Samotność jest chorobą XXI wieku, a w pewnych regionach świata przybiera ona rangę naprawdę dużego problemu. Wiedzą o tym doskonale mieszkańcy Korei Południowej. Jest to szczególnie zauważalne wśród seniorów, choć nie tylko. Okazuje się bowiem, że kraj ten musi walczyć z „samotnymi zgonami”.
Przeczytaj też: Te uczucia najbardziej nas unieszczęśliwiają. Wiążą się z miłością
Czy wiesz, że każdego roku w Seulu tysiące Koreańczyków umiera, a ich ciała znajdowane są czasami nawet kilka tygodni po smierci? Tylko w 2023 roku odnotowano 3661 samotnych zgonów. Władze stolicy Korei Południowej chcą walczyć z tą sytuacją, wprowadzając specjalną infolinię dla doradców ds. samotności, platformę internetową, która ma działać na podobnych zasadach, a także wizyty domowe dla samotnych. Na ten cel miasto chce przeznaczyć 327 milionów dolarów w ciągu 5 lat.

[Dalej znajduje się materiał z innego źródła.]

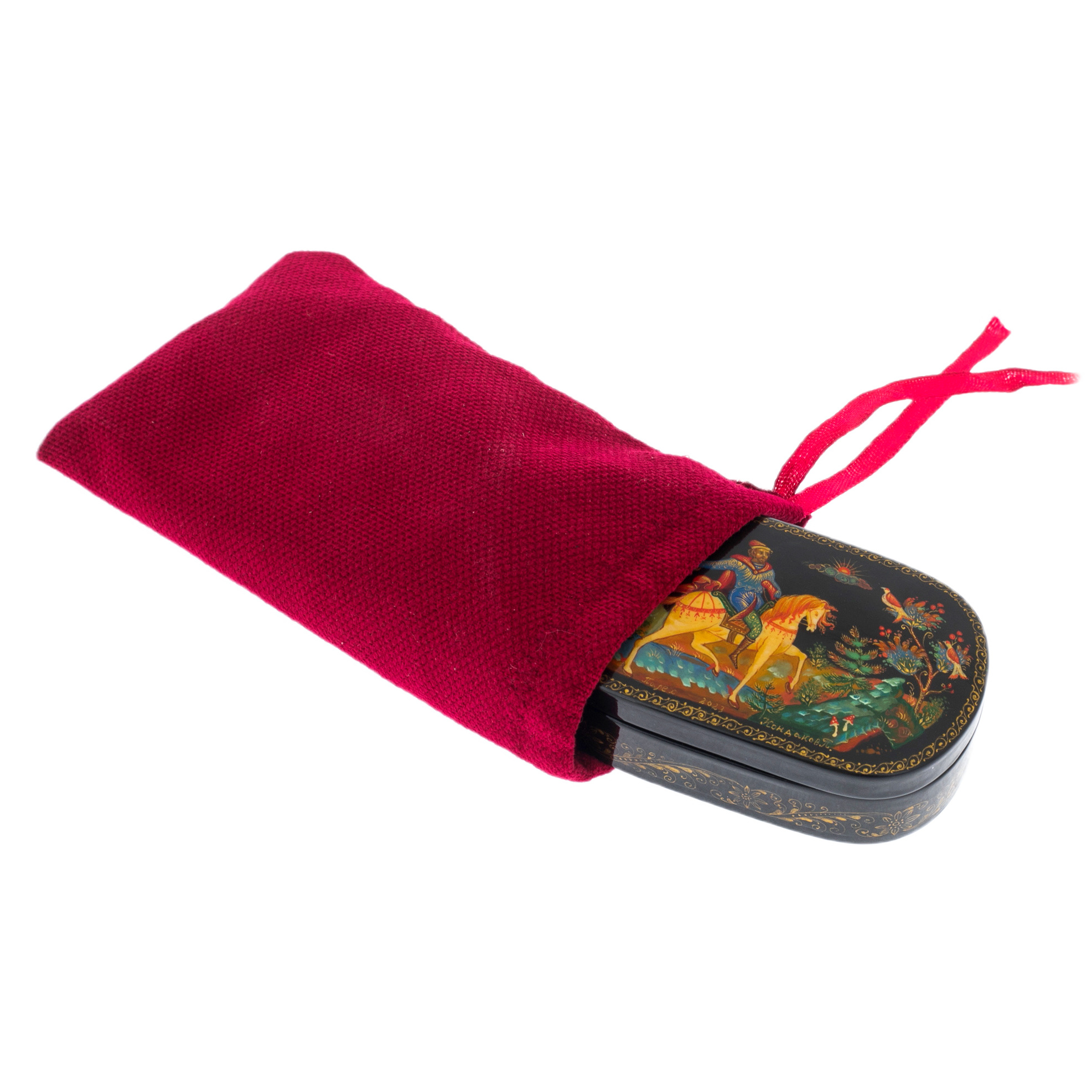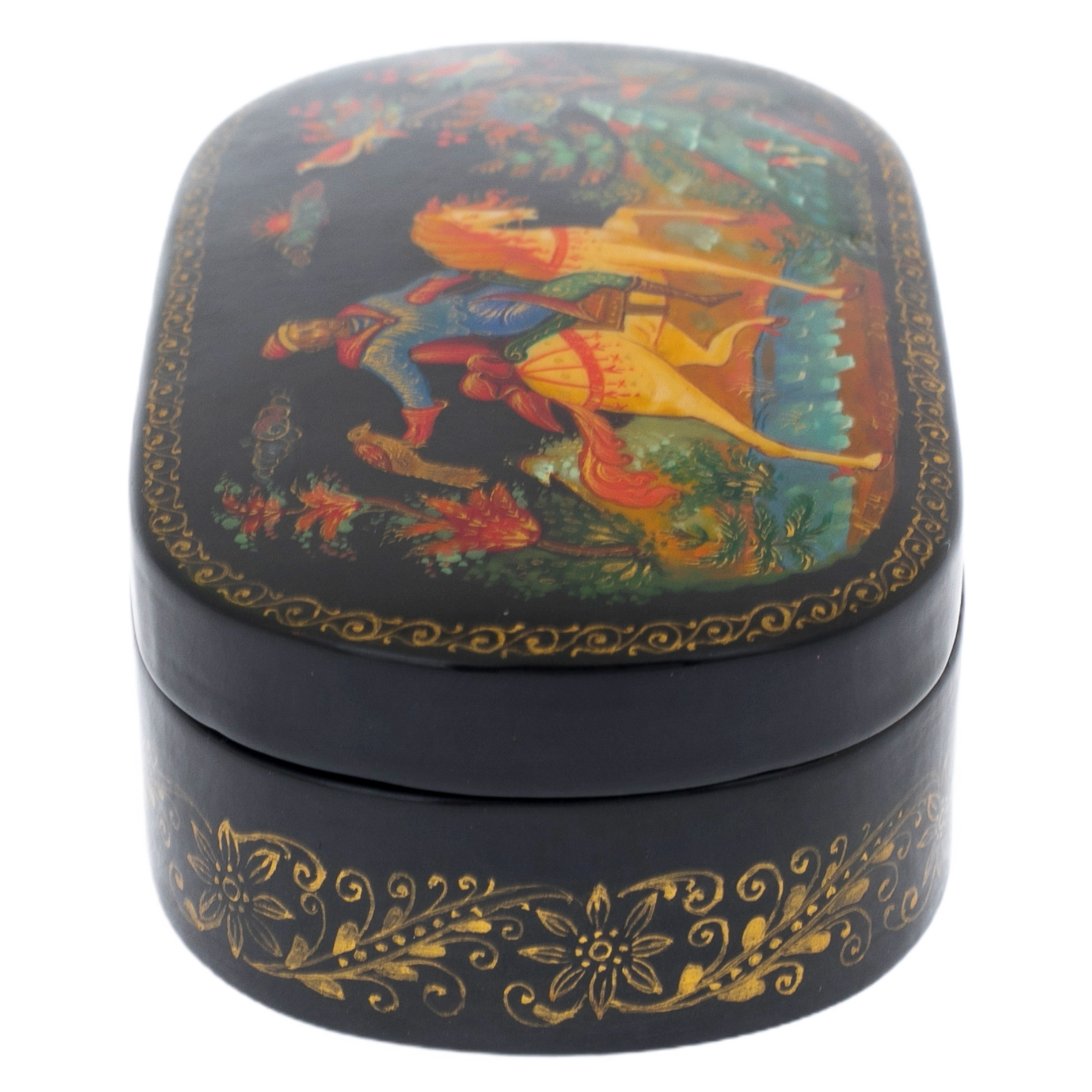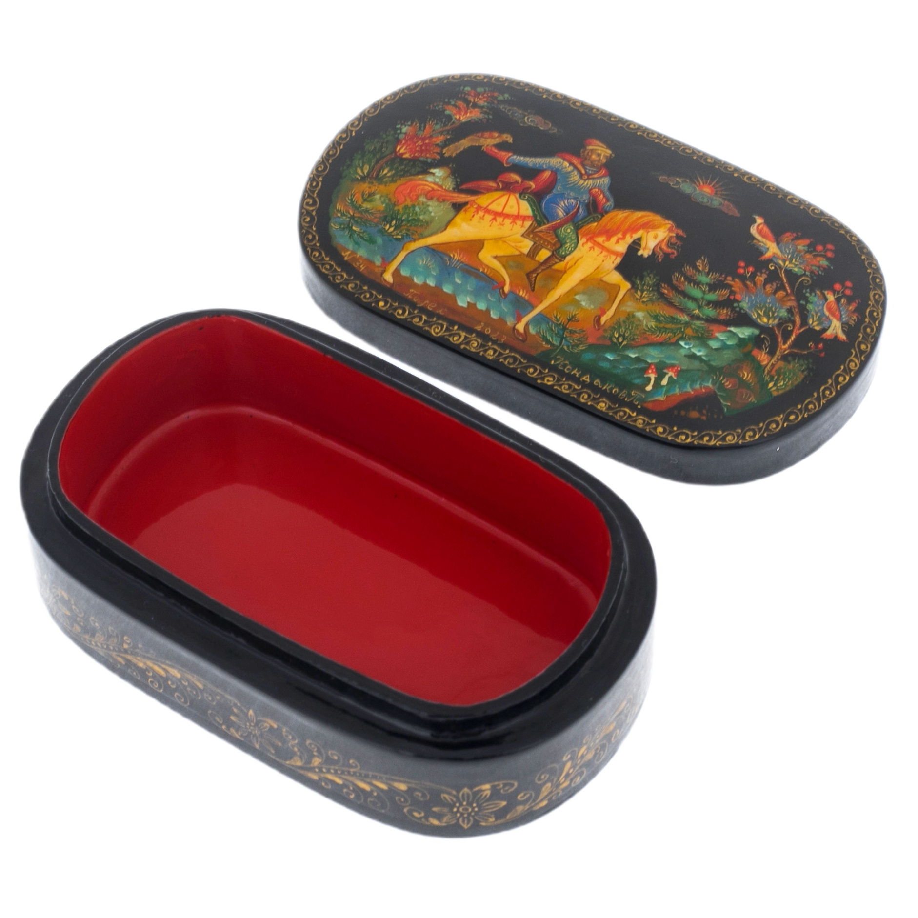 По краям шкатулка украшена тончайшими золотыми орнаментами, придающими завершённость и возвышенность образу. Эта шкатулка — не просто контейнер для украшений, а символическое наследие, часть которого может стать вашим. Она словно несёт в себе силу предков, их стремление к величию и славе, сохраняя в себе благородство и искусство русской земли.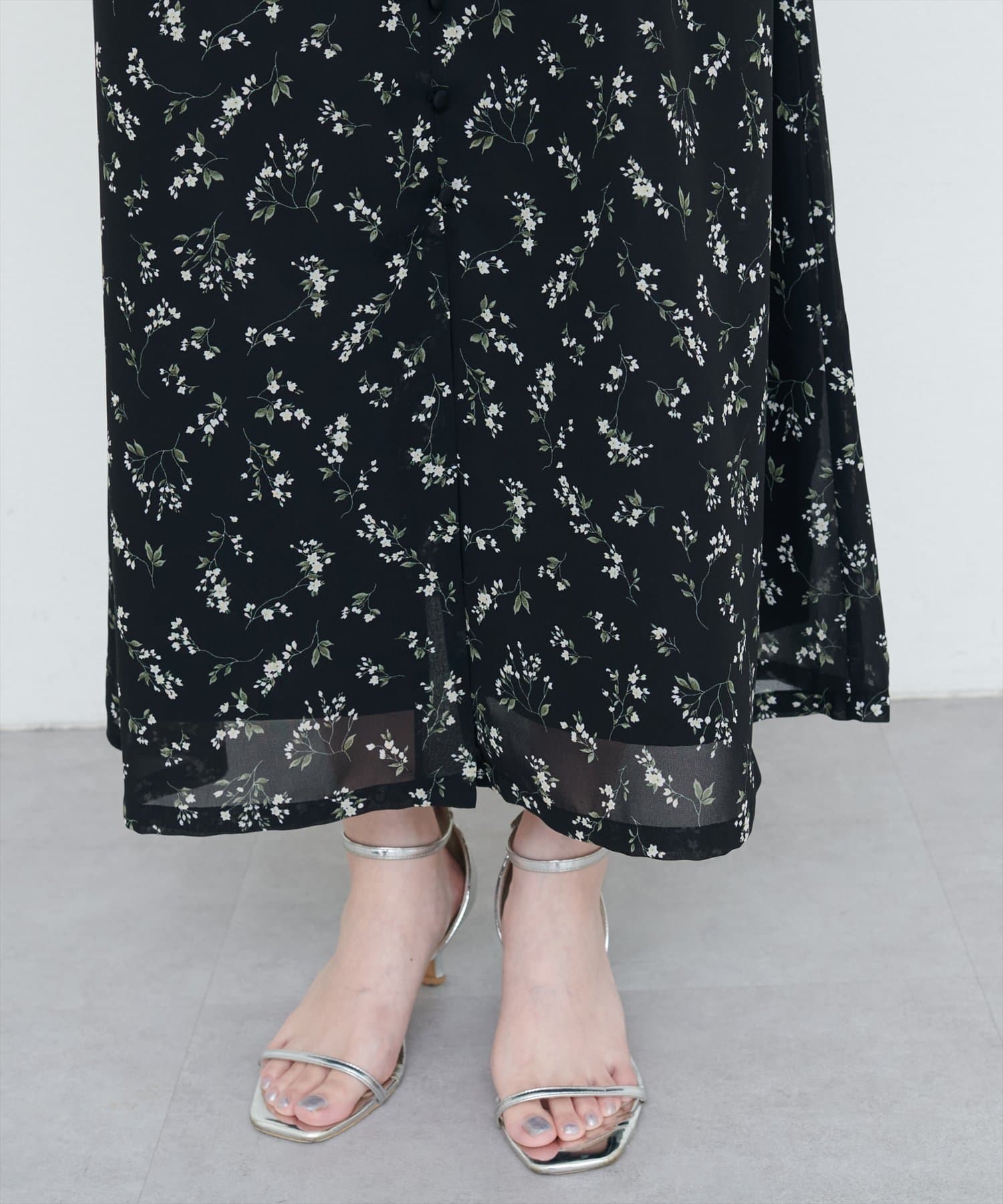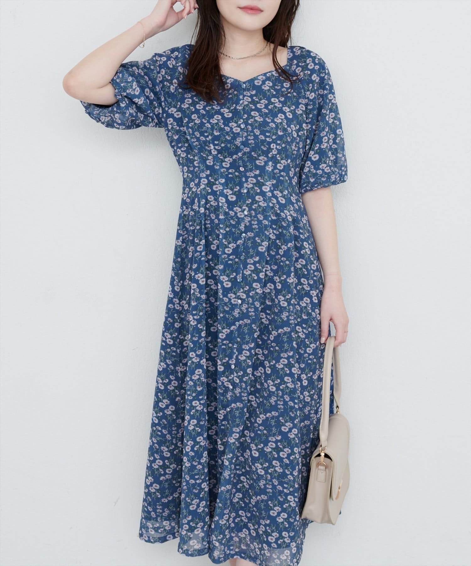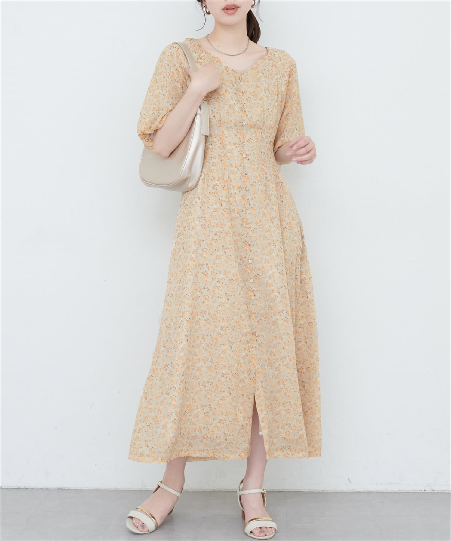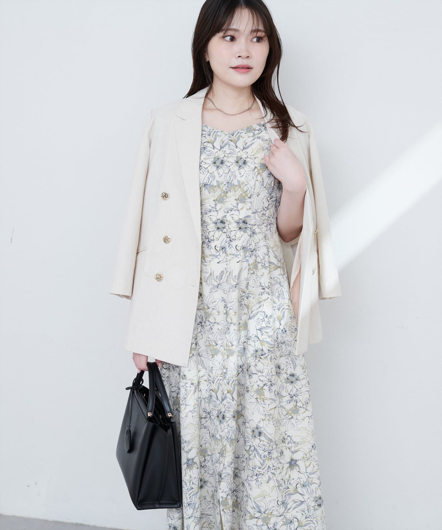鮮やかな色合いのフラワープリントが目を引く、上品なワンピース。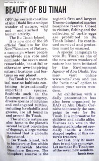 A special campaign to vote Bu Tinah as one of the new seven wonders of nature has been initiated by the Environment Agency of Abu Dhabi. You may visit online http://www.vote7.com and use the “vote now” option to choose your seven wonders.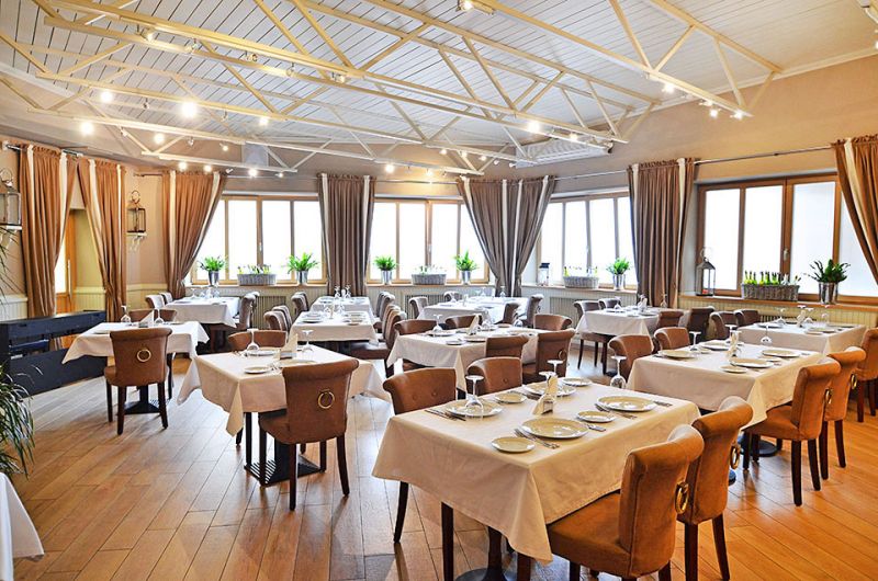 Ресторан Bellagio: «Романтическая и уютная обстановка ресторана «Белладжио», исполненная в теплых тонах кофе с молоком, не просто располагает к приятной еде, но и доставляет эстетическое удовольствие. Этот цвет превосходно рифмуется с идеально белыми скатертями и до блеска начищенными столовыми приборами. Игра полутонов и текстур гардин, стульев, пола создает картину изысканности, уюта и чистоты. Но, это все приятные дополнения, главными же чертами ресторана «Белладжио» являются безупречная кухня и отличное обслуживание».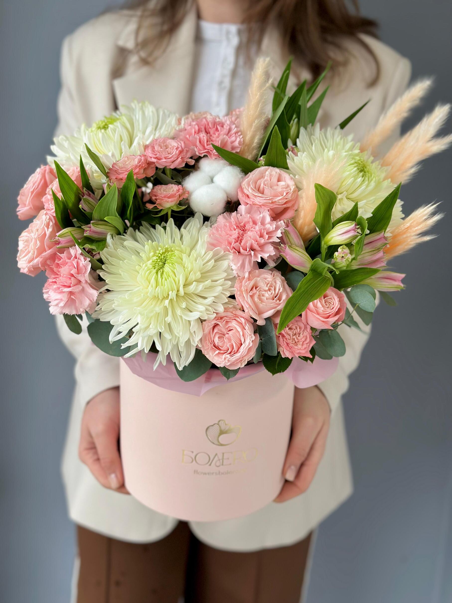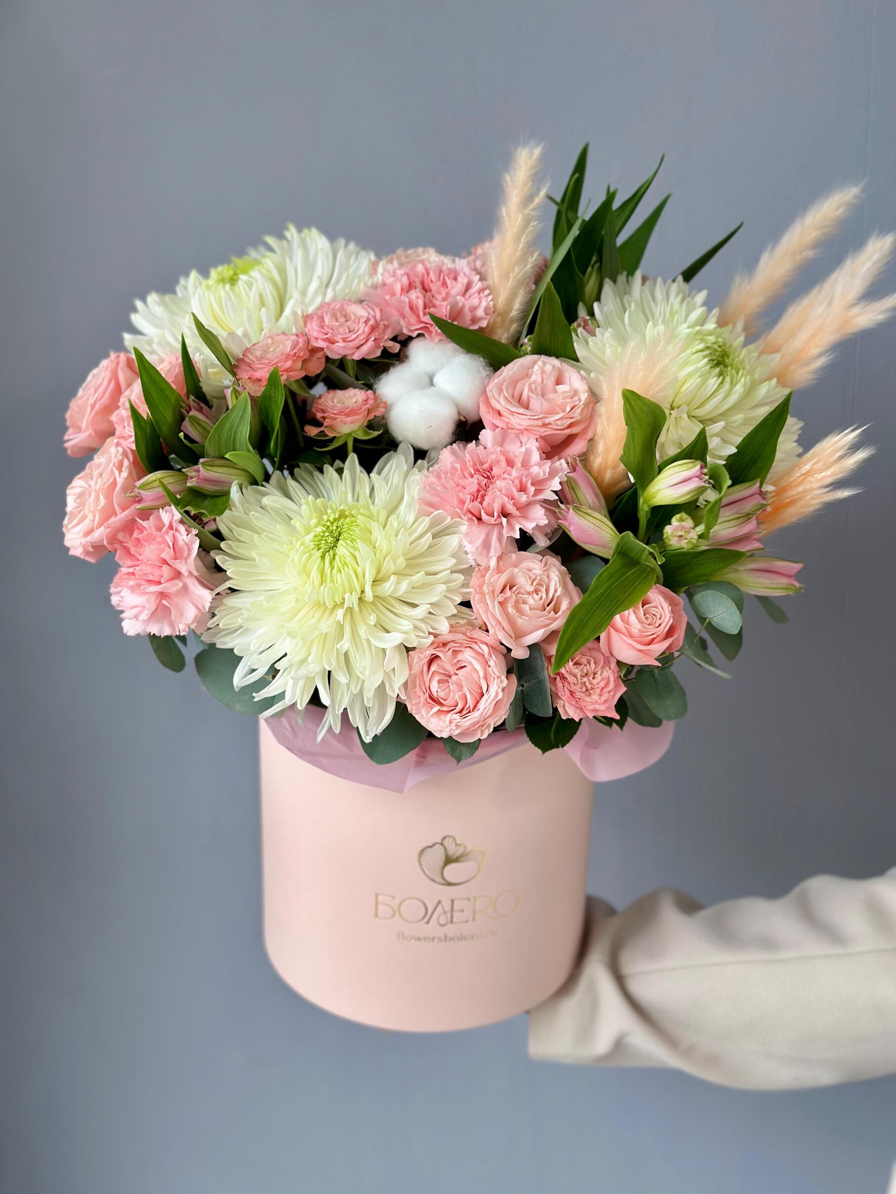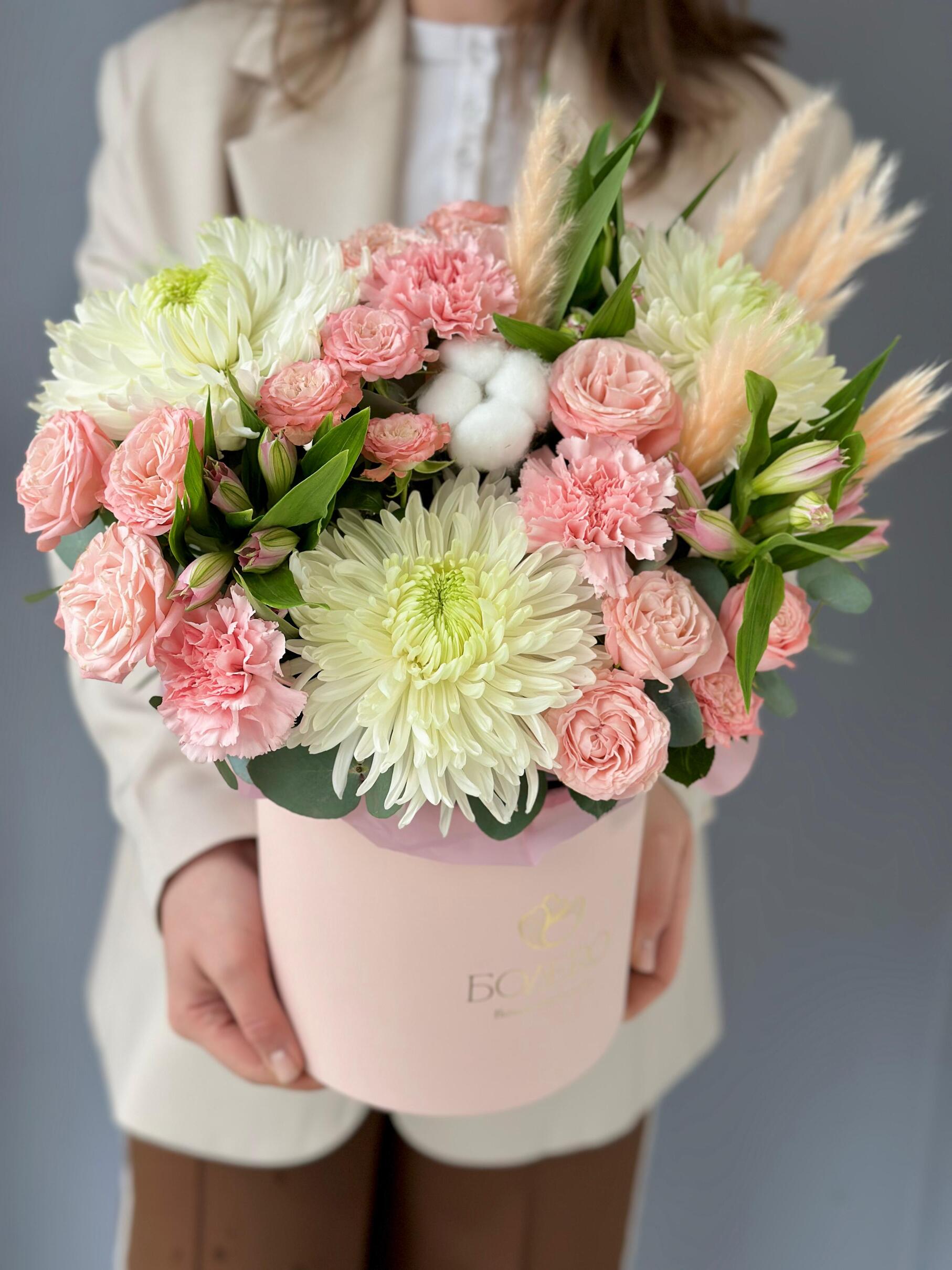 Крупные белые хризантемы, пудровые гвоздики, розовые кустовые розы и альстромерия собраны в шляпную коробку и дополнены хлопком и мягкими злаками. Композиция выглядит очень заботливо и камерно — такой формат удобно подарить маме или просто близкому человеку, когда хочется показать внимание. Зелень и эвкалипт добавляют живости и объёма.

Aby pomóc samotnym ludziom, poza usługami psychologicznymi, mają powstać również specjalne zielone tereny. Nie zabraknie też wyszukiwarki, dzięki której będzie można szybko zidentyfikować samotnych mieszkańców, którzy potrzebują wsparcia. Jednocześnie będą organizowane różnego rodzaju spotkania czy imprezy, gdzie tacy ludzie znajdą towarzystwo – np. kluby sportowe czy kluby książki.
Eksperci mają pochwalać te plany, ale sądzą, że to trochę mało, by rozwiązać problem samotności, która - w pewnym stopniu - wynika z koreańskiej kultury.